§ **PROBLEM TO WORK ON**:
Quote the whole listing exactly. Leave the pictures out of your copy.

§ **RAW DATA**:
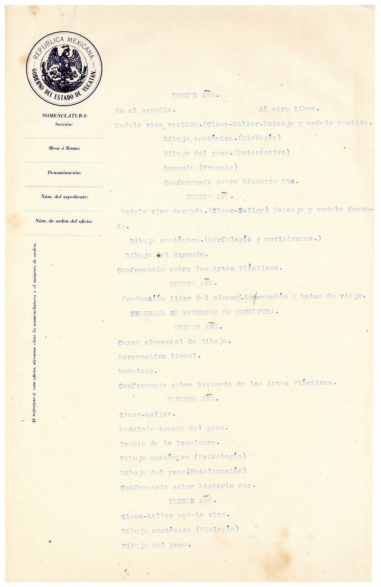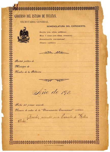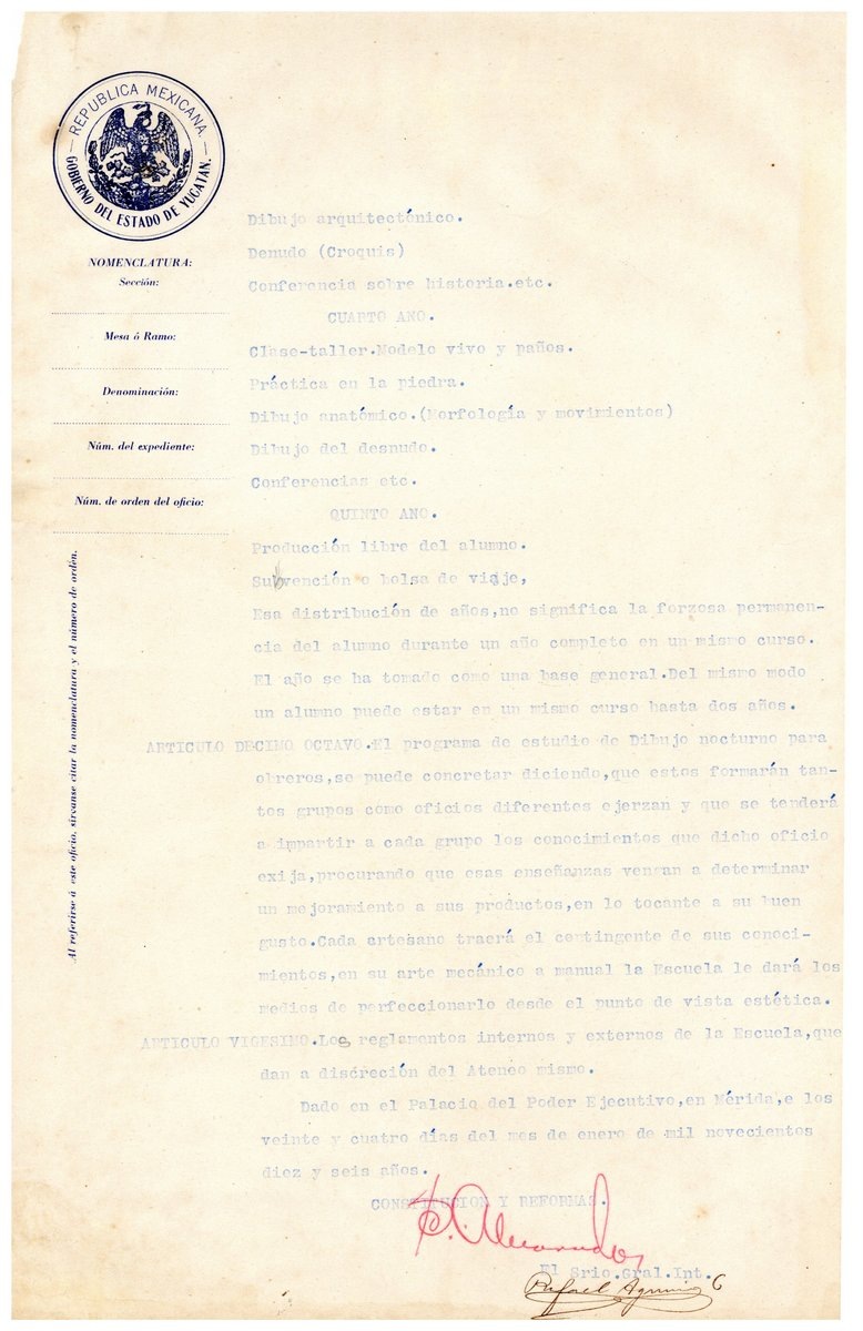 Decreto del Gobernador, Gral. Salvador Alvarado, sobre la fundación de la Escuela de Bellas, dependiente en su organización y técnica escolar de la sección de Artes Plásticas del Ateneo Peninsular. Estableció un Programa General de estudios basado en el sistema de clases-talleres para la enseñanza del dibujo, pintura, escultura y, grabado. Mérida, 24 de enero de 1916
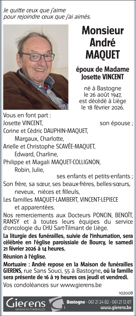 Décédé à Liège (4000, Belgique) le mercredi 18 février 2026 à l'âge de 78 ans
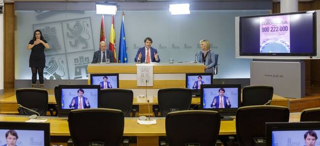 El presidente de la Junta, Alfonso Fernández Mañueco, junto al vicepresidente Francisco Igea y la consejera de Sanidad, Verónica Casado, informan de forma telemática de las medidas de la crisis del coronavirus / AGENCIA ICAL
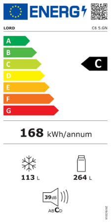 Volně stojící chladnička LORD C6 se se svou spotřebou 168 kWh řadí do energetické třídy C, které bylo dosaženo kvalitním BLDC invertorovým kompresorem a izolací pomocí vakuových panelů. Mezi výhody této kombinované lednice patří jednoduché dotykové ovládání a okamžitý přehled o teplotě v mrazicí i chladicí části, a to díky LCD displeji.

§ **WORKED SOLUTION**:
 Decreto del Gobernador, Gral. Salvador Alvarado, sobre la fundación de la Escuela de Bellas, dependiente en su organización y técnica escolar de la sección de Artes Plásticas del Ateneo Peninsular. Estableció un Programa General de estudios basado en el sistema de clases-talleres para la enseñanza del dibujo, pintura, escultura y, grabado. Mérida, 24 de enero de 1916
 Décédé à Liège (4000, Belgique) le mercredi 18 février 2026 à l'âge de 78 ans
 El presidente de la Junta, Alfonso Fernández Mañueco, junto al vicepresidente Francisco Igea y la consejera de Sanidad, Verónica Casado, informan de forma telemática de las medidas de la crisis del coronavirus / AGENCIA ICAL
 Volně stojící chladnička LORD C6 se se svou spotřebou 168 kWh řadí do energetické třídy C, které bylo dosaženo kvalitním BLDC invertorovým kompresorem a izolací pomocí vakuových panelů. Mezi výhody této kombinované lednice patří jednoduché dotykové ovládání a okamžitý přehled o teplotě v mrazicí i chladicí části, a to díky LCD displeji.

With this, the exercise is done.